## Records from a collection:
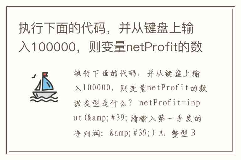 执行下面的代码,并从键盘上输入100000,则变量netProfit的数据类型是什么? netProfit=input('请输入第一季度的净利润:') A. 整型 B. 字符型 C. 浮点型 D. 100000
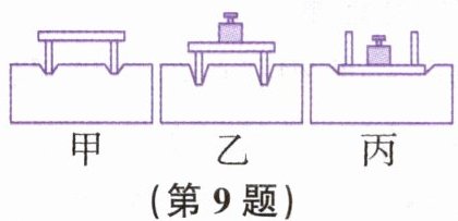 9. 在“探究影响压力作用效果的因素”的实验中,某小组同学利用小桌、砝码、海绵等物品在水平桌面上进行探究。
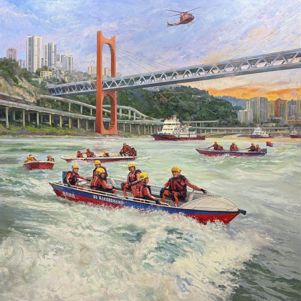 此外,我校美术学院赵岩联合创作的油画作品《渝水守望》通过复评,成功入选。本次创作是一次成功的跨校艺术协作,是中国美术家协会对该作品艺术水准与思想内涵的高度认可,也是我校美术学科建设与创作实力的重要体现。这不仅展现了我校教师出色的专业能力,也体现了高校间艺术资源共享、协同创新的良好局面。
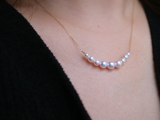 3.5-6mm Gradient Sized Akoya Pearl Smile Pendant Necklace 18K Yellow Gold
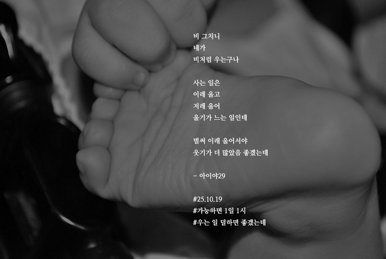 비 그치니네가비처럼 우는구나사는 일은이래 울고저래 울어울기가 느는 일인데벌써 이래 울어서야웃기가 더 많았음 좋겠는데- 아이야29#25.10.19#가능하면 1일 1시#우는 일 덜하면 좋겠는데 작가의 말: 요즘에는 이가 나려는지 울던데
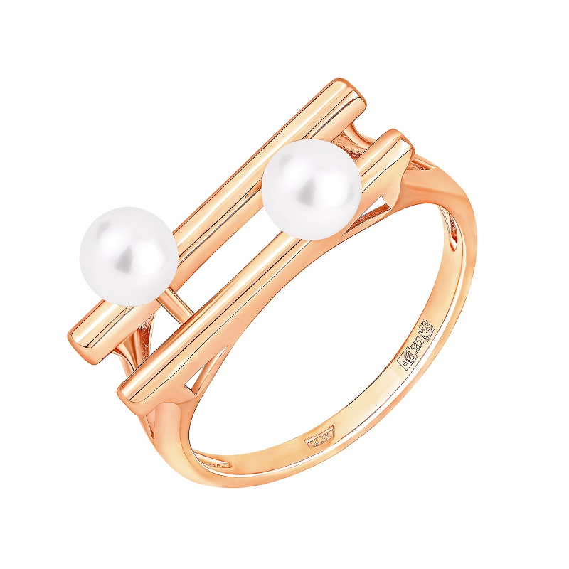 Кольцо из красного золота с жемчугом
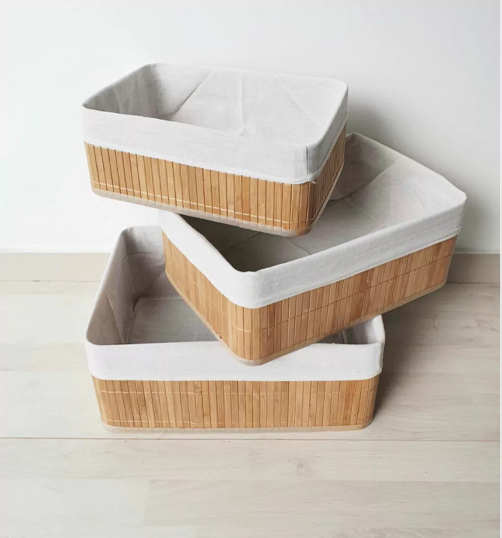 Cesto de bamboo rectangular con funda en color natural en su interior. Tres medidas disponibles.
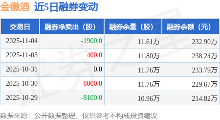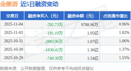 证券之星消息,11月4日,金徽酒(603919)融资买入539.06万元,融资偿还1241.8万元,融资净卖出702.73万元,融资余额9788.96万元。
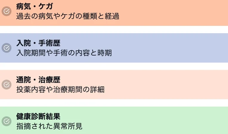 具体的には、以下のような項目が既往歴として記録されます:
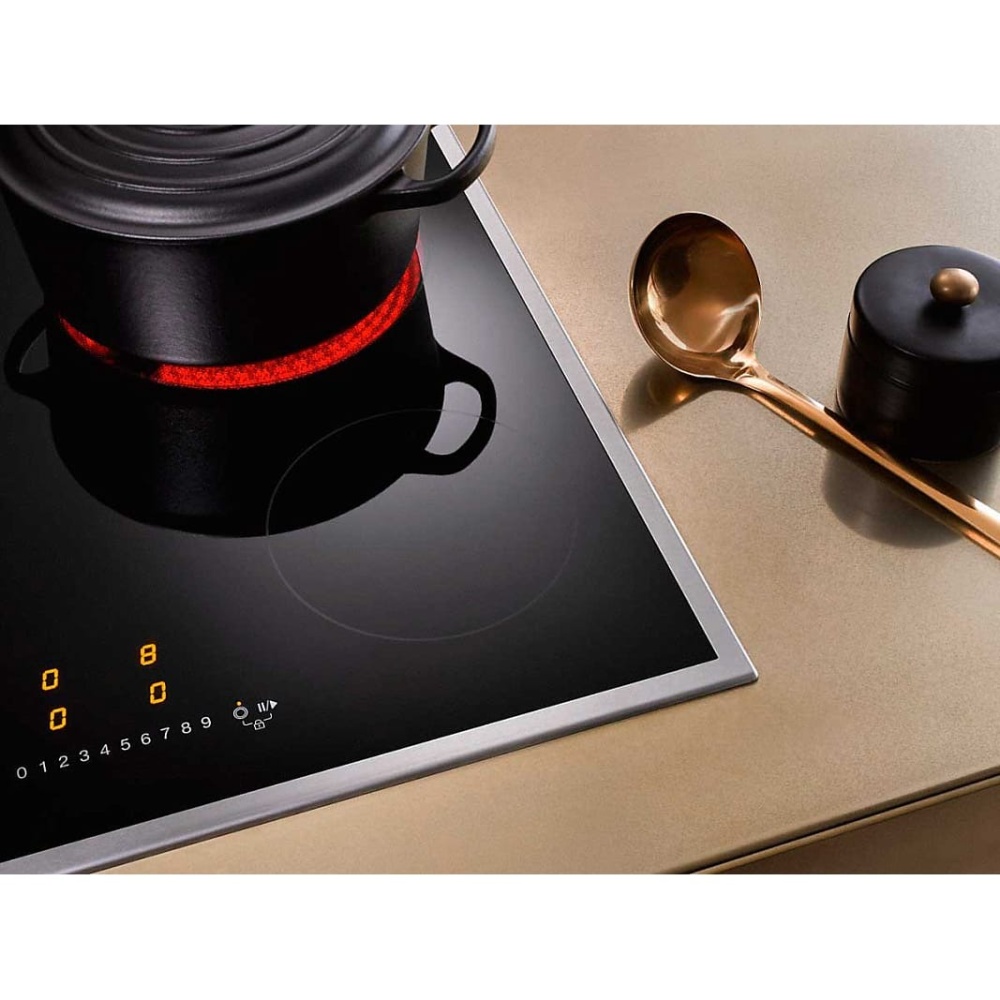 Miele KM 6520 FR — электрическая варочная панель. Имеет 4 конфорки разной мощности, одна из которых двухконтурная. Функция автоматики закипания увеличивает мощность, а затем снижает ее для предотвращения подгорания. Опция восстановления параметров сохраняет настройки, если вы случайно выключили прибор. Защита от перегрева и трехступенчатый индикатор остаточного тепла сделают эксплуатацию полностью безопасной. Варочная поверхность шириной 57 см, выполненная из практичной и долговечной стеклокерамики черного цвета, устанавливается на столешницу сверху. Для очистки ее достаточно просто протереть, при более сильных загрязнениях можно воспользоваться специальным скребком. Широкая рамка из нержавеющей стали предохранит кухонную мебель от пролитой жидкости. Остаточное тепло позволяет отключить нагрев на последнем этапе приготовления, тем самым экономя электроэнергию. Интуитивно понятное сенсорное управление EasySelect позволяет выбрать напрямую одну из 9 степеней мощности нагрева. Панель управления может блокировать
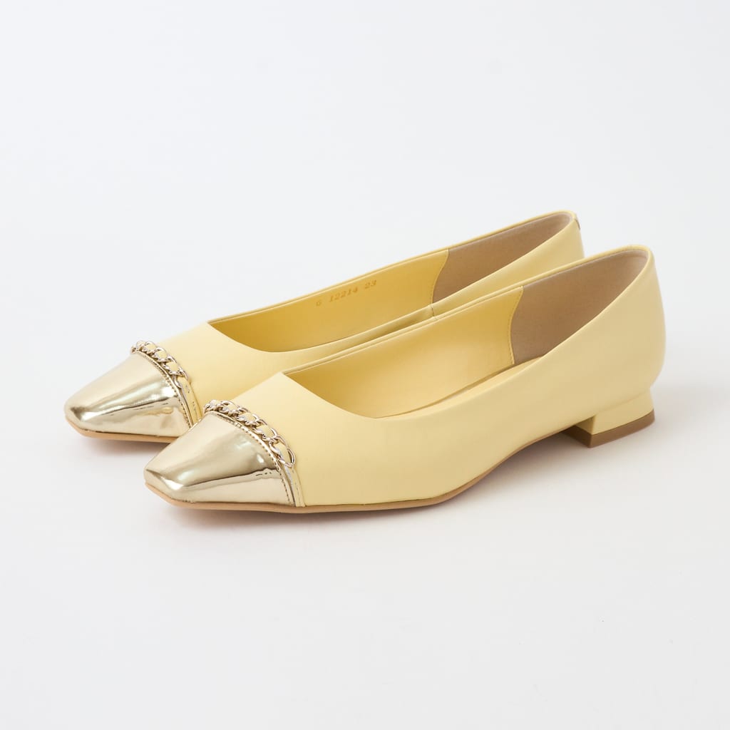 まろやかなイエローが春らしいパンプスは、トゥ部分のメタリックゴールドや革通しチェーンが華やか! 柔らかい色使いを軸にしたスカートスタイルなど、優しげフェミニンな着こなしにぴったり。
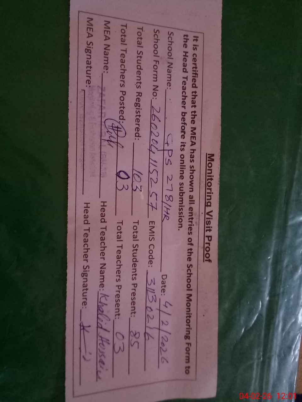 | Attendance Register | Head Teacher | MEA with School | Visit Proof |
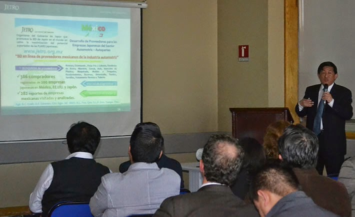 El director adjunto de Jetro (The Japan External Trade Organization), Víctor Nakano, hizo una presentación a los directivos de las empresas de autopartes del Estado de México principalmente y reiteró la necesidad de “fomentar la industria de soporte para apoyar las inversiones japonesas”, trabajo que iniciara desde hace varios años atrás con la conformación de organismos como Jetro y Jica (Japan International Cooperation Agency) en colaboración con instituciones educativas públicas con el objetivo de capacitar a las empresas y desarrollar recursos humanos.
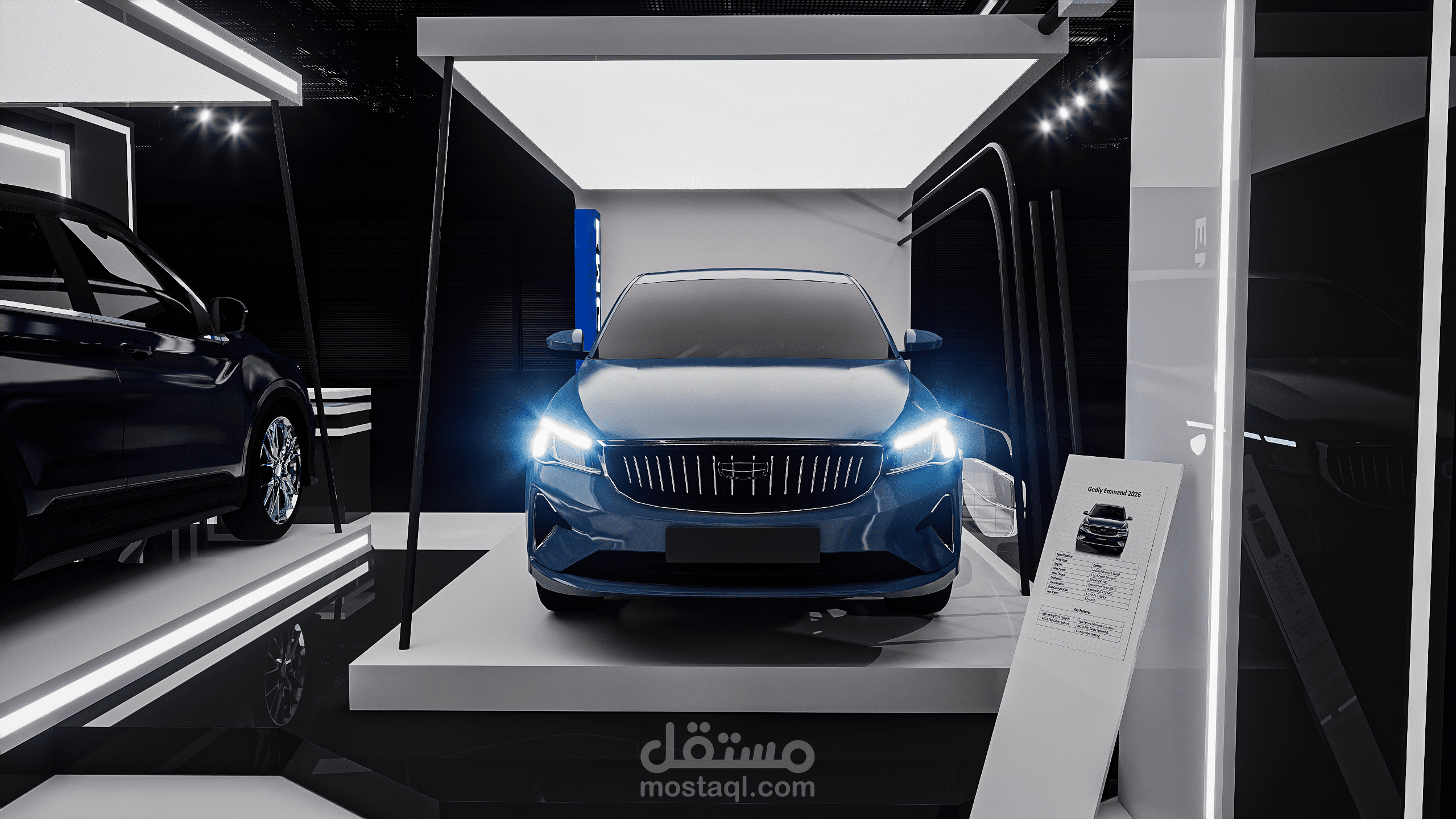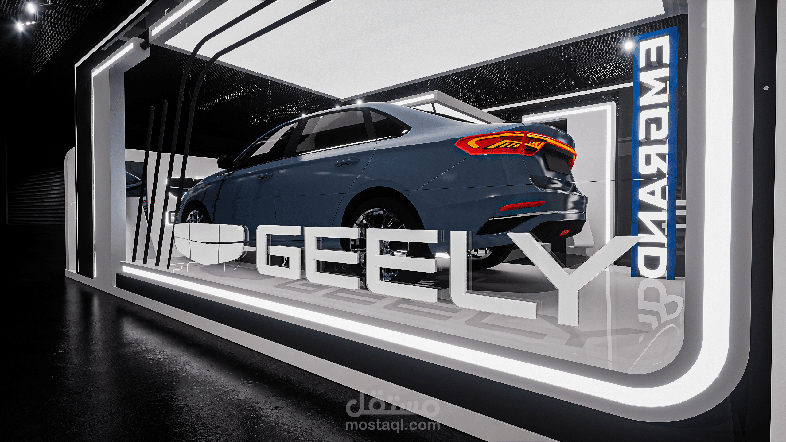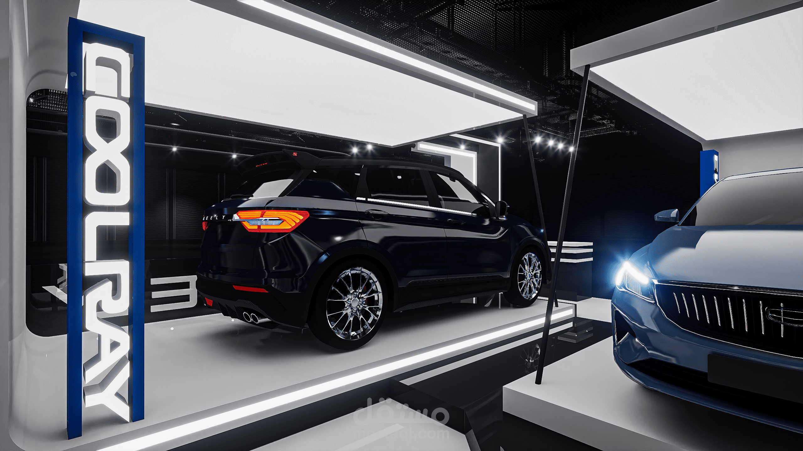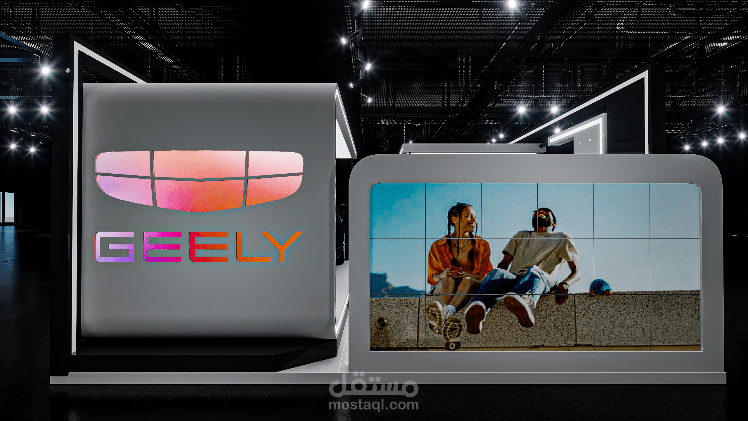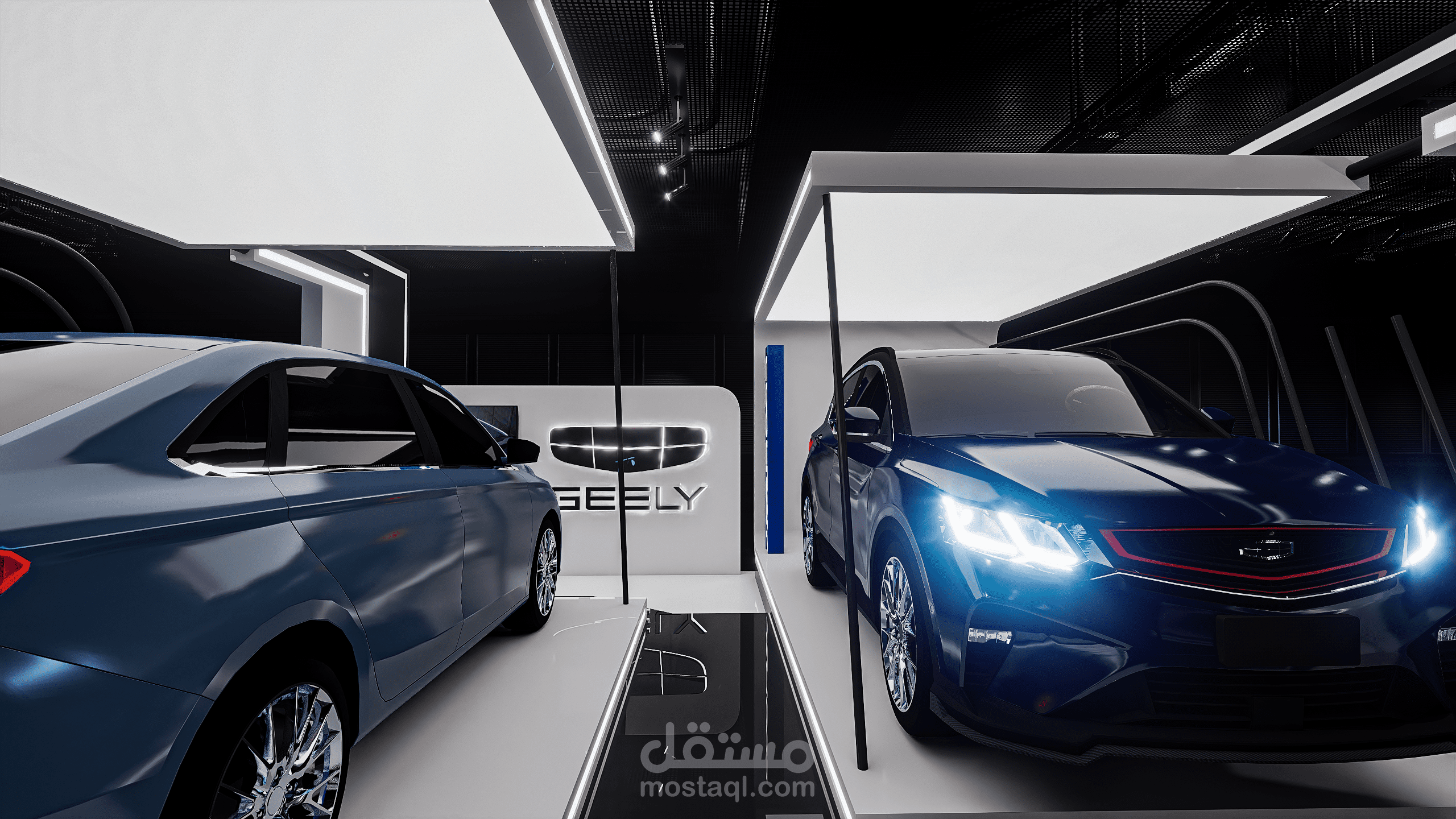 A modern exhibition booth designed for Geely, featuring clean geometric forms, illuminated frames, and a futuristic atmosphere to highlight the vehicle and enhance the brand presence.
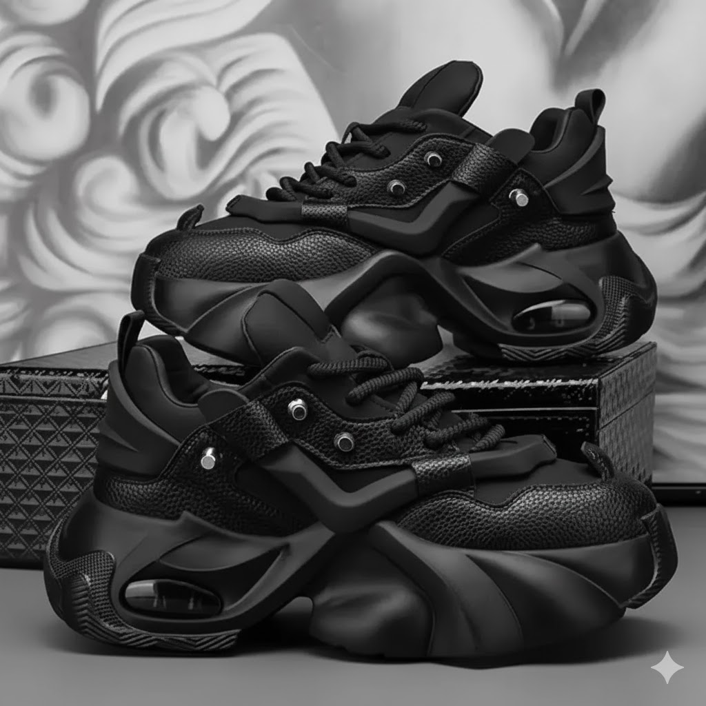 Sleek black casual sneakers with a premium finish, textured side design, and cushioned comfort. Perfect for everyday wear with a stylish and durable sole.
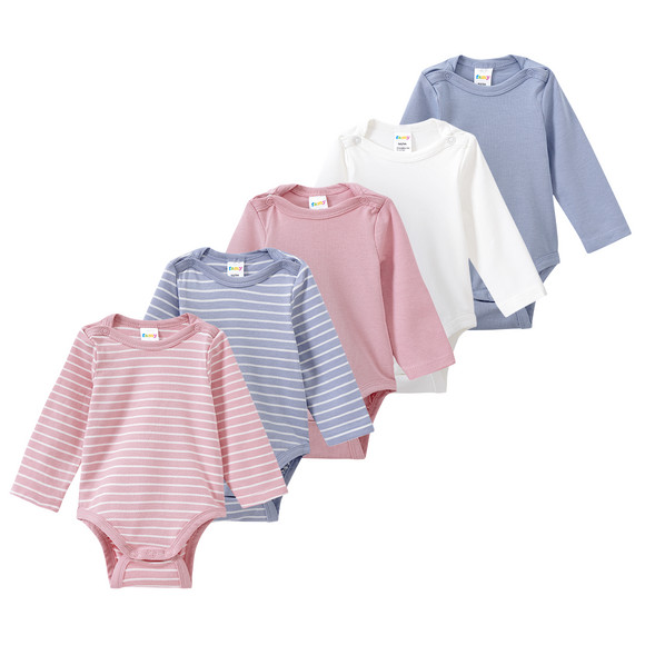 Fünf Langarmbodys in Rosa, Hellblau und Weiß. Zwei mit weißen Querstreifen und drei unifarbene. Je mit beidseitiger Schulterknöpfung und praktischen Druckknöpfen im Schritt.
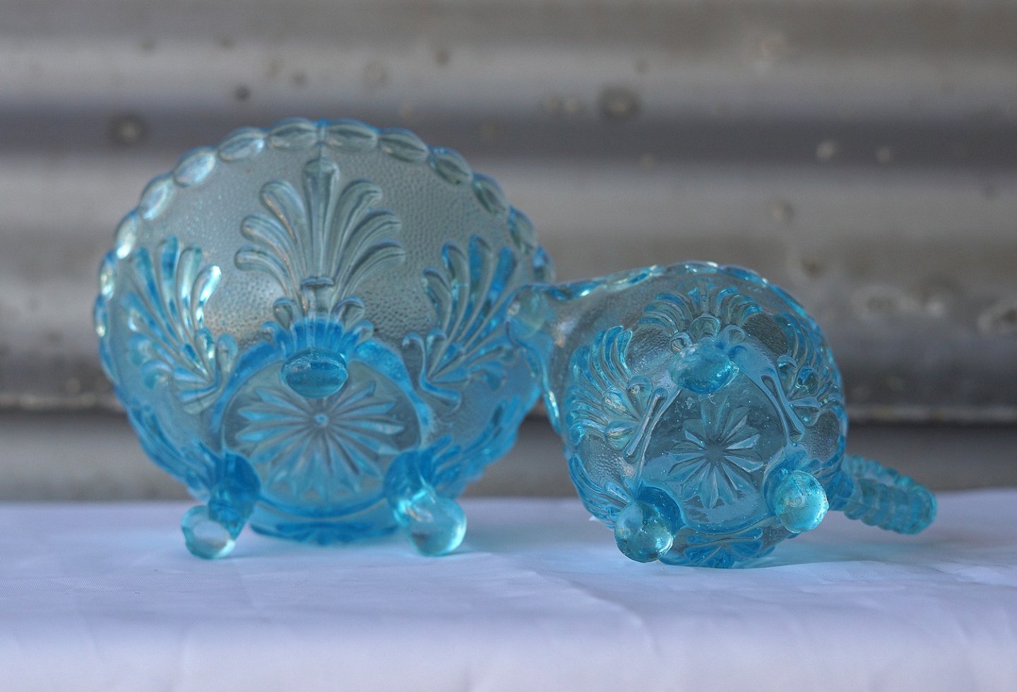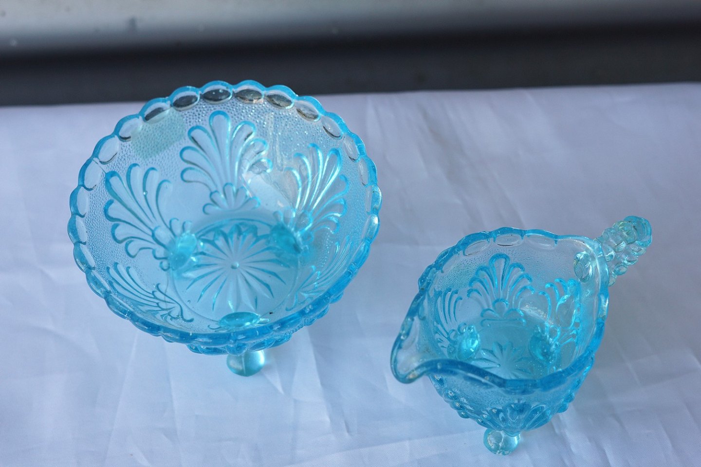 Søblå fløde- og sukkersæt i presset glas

## PROBLEM TO WORK ON:
Although pictures appear among the records above, write out exactly only the lines from the one that has "此外,我校美术学院赵岩联合创" through the one that has "3.5-6mm Gradient Sized", and leave the pictures out.

## RESULT:
 此外,我校美术学院赵岩联合创作的油画作品《渝水守望》通过复评,成功入选。本次创作是一次成功的跨校艺术协作,是中国美术家协会对该作品艺术水准与思想内涵的高度认可,也是我校美术学科建设与创作实力的重要体现。这不仅展现了我校教师出色的专业能力,也体现了高校间艺术资源共享、协同创新的良好局面。
 3.5-6mm Gradient Sized Akoya Pearl Smile Pendant Necklace 18K Yellow Gold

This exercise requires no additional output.